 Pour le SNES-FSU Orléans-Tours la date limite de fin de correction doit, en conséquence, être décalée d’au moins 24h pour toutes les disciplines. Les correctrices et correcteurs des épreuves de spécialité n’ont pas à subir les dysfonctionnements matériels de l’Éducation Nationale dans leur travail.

--

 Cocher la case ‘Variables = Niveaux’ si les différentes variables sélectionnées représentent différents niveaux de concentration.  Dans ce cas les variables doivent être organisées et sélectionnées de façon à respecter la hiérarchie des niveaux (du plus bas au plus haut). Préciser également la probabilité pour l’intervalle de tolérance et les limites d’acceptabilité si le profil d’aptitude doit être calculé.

--

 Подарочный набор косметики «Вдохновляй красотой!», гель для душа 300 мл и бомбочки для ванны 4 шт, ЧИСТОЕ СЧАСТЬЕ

**Action item**
How many lines in the listing above have the word "être" in them? Count them and give the number alone.

**Exercise result**
2